Running multiple random train/dev splits (80/20):

  • Combined model variance ≈ ±0.01 Macro F1
  • Stylometry-only variance slightly higher due to sensitivity to small spans
  • TF-IDF baseline stable but weaker overall

Error analysis

a) Little stylistic or lexical signal for short spans.
b) High uppercase/punctuation disrupt style patterns.
c) Same-author but semantically distant texts.
d) Different authors writing similar content.

Reproducibility

https://github.com/uazhlt-ms-program/ling-582-fall-2025-class-competition-code-conniecameron/blob/main/README.md

Future Improvements

This project demonstrates that combining TF-IDF lexical modeling with digital stylometry yields strong, interpretable solutions to authorship verification. The final model achieves a Macro F1 of 0.6346, substantially outperforming either TF-IDF alone or stylometric features alone.

The workflow remains simple, reproducible, and aligned with classic methods in authorship analysis.

Other options to explore:

1) SBERT sentence embeddings for content-invariant semantic comparison.
While TF-IDF captures lexical similarity, it fails when the same author discusses different topics or different authors use similar vocabulary (e.g., genre conventions)
This adds a semantic similarity dimension that TF-IDF lacks:

  • If the same author writes differently but with similar semantic tendencies (e.g., similar phrasing or rhetorical structure), SBERT will detect it.
  • If two authors write about the same topic but in different styles, stylometry helps differentiate them.

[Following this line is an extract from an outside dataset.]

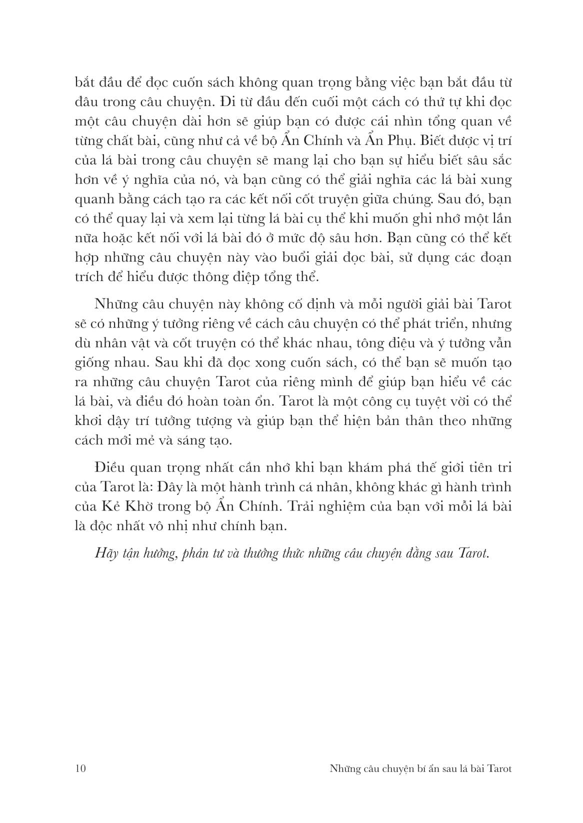 Tarot không đơn giản chỉ là những lá bài đầy màu sắc; đó là một vũ trụ huyền bí, mê hoặc và ẩn chứa nhiều thông điệp sâu sắc. Mỗi lá bài đều có một câu chuyện riêng, những biểu tượng tâm linh kết hợp với nhau một cách tài tình, trở thành một công cụ tuyệt vời để bạn khám phá câu chuyện của một ai đó hoặc của chính m.ình. Những câu chuyện bí ẩn sau lá bài Tarot của tác giả - chuyên gia kể chuyện Alison Davies sẽ dẫn dắt bạn bước vào hành trình Tarot màu nhiệm ấy, hướng dẫn bạn kết nối với các hình ảnh của từng lá bài trong bộ bài Rider-Waite Smith, để hiểu sâu – nắm chắc – cảm nhận được trọn vẹn nhất một bộ bài Tarot.

2) POS-Based Stylometry (Part-of-Speech Patterns)

  • Syntactic preferences — not just surface word choices — are strong markers of author identity. Authors differ in how frequently they use various POS.
  • Possible implementation is tagging each span using a lightweight POS tagger like spaCy, computing POS distribution features and adding pairwise POS differences.
  • The same ColumnTransformer pipeline (Approach #3) can be utilized.This enhances your model’s ability to detect deeper syntactic habits or grammatical style.